Un site pour agences immobilières ne se juge pas comme les autres
Ce que vos clients cherchent en premier
Deux publics opposés arrivent sur le même site, et c’est ce qui le rend difficile. L’acheteur veut voir des biens, filtrer vite et savoir si quelque chose correspond à son budget. Le vendeur, lui, ne cherche pas un bien : il cherche à savoir combien vaut le sien, à qui il aurait affaire, et ce que ça coûterait. Un site qui ne montre que des annonces ne parle qu’au premier, alors que le second est celui qui manque. Il faut donc deux entrées distinctes dès la première page, un formulaire d’estimation qui ne promette pas de chiffre automatique, un barème d’honoraires accessible, et une présentation nominative de l’équipe — dans ce métier, on confie un bien à des personnes, pas à une enseigne.
Le vrai sujet n’est pas l’acheteur, c’est le vendeur
Les acheteurs, les portails d’annonces les fournissent en abondance ; ce qui manque, ce sont les biens à vendre. Or un site d’agence consacre presque toujours l’essentiel de sa surface aux annonces et presque rien au propriétaire qui hésite à confier son bien. C’est l’inverse qu’il faudrait faire : une page qui explique comment se déroule une estimation, ce que couvre le mandat, ce que l’agence fait concrètement pendant la vente, et ce qu’elle facture, s’adresse à la seule personne qui manque vraiment.
L’estimation en ligne, appât utile mais à manier
Le formulaire d’estimation est le meilleur point d’entrée pour un propriétaire qui n’ose pas encore appeler. Il n’est efficace qu’à deux conditions : ne pas annoncer un chiffre automatique qui vous engagerait sur une valeur, et rappeler vite — au-delà de vingt-quatre heures, la personne a rempli le formulaire de trois autres agences. Ce qu’il collecte relève par ailleurs de données personnelles, avec une finalité et une durée de conservation à déclarer.
Les annonces, sans refaire un portail
Republier tout le catalogue sur son propre site n’a d’intérêt que si l’alimentation est automatique depuis le logiciel de transaction. Saisie à la main, elle produit des biens vendus qui restent en ligne des mois — ce qui donne l’image d’une agence négligente et fait perdre des appels. Si la passerelle n’existe pas, mieux vaut une sélection réduite tenue à jour qu’un catalogue complet périmé : le site n’a pas à concurrencer les portails sur le volume.
Le secteur, dit précisément
Une agence se juge sur sa connaissance d’un périmètre. Nommer les quartiers ou les communes réellement travaillés, avec ce qu’on y observe — types de biens, profils d’acquéreurs, délais habituels — vaut mieux que d’annoncer un département entier. C’est ce qui distingue un professionnel local d’un réseau national, et c’est exactement ce qu’un vendeur cherche à vérifier avant de confier un bien.
Ce que les agences immobilières nous demandent
Les portails d’annonces me coûtent cher. Un site peut-il les remplacer ?

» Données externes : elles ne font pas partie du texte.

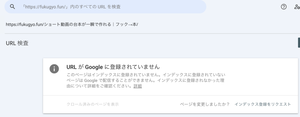 上部の検索欄に記事URLを打ち込むと、Googleに登録されているか判断ができます。登録されていない状態で「インデックス登録をリクエスト」のボタンを押します。
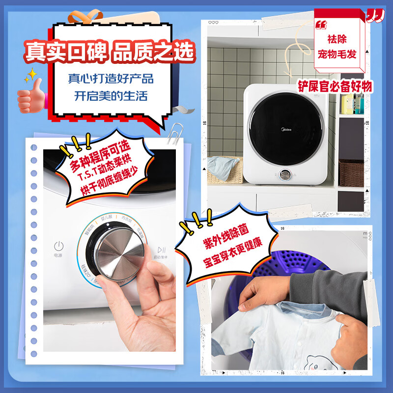 美的(Midea) 4公斤烘干机家用滚筒式干衣机小型烘衣机 衣物即烘即穿免安装 低温护衣 紫外线除菌 MH40V10E价格:899.00元!

Non, et il serait malhonnête de le laisser croire. Les portails concentrent les acheteurs, et s’en passer réduirait votre diffusion. Ce qu’un site change, c’est l’autre côté du métier : la rentrée de mandats, où les portails ne vous aident pas. Un propriétaire qui cherche à qui confier son bien ne va pas sur un portail, il cherche une agence — et c’est là que vous pouvez être trouvé sans commission.
Faut-il afficher le barème d’honoraires ?
Une obligation d’affichage s’impose aux professionnels de la transaction, et c’est aussi un avantage. La plupart des agences s’en tiennent à un affichage minimal et peu lisible ; une grille claire, avec ce qui est inclus et le mode de calcul, désamorce la question la plus embarrassante avant le premier rendez-vous. La transparence sur le prix est rare dans ce métier, donc elle se remarque.
Mon logiciel de transaction peut-il alimenter le site ?
Le plus souvent oui, par un flux d’export que la plupart des logiciels du marché proposent. C’est le point à vérifier avant de décider quoi que ce soit, parce qu’il conditionne tout le reste : avec passerelle, le catalogue vit tout seul ; sans passerelle, il faut assumer une saisie manuelle, et donc réduire le nombre de biens publiés. Nous examinons ce point au cadrage, pas après la mise en ligne.
Faut-il des visites virtuelles ?
Elles sont utiles sur les biens qui se visitent mal ou de loin, et superflues ailleurs : sur un studio, quelques photographies bien faites suffisent et coûtent bien moins cher. Le vrai gain d’une visite virtuelle est le tri des visites inutiles, pas la séduction. Là où l’effort est toujours rentable, en revanche, c’est sur la qualité des photos et sur un plan coté — deux choses que beaucoup d’annonces négligent.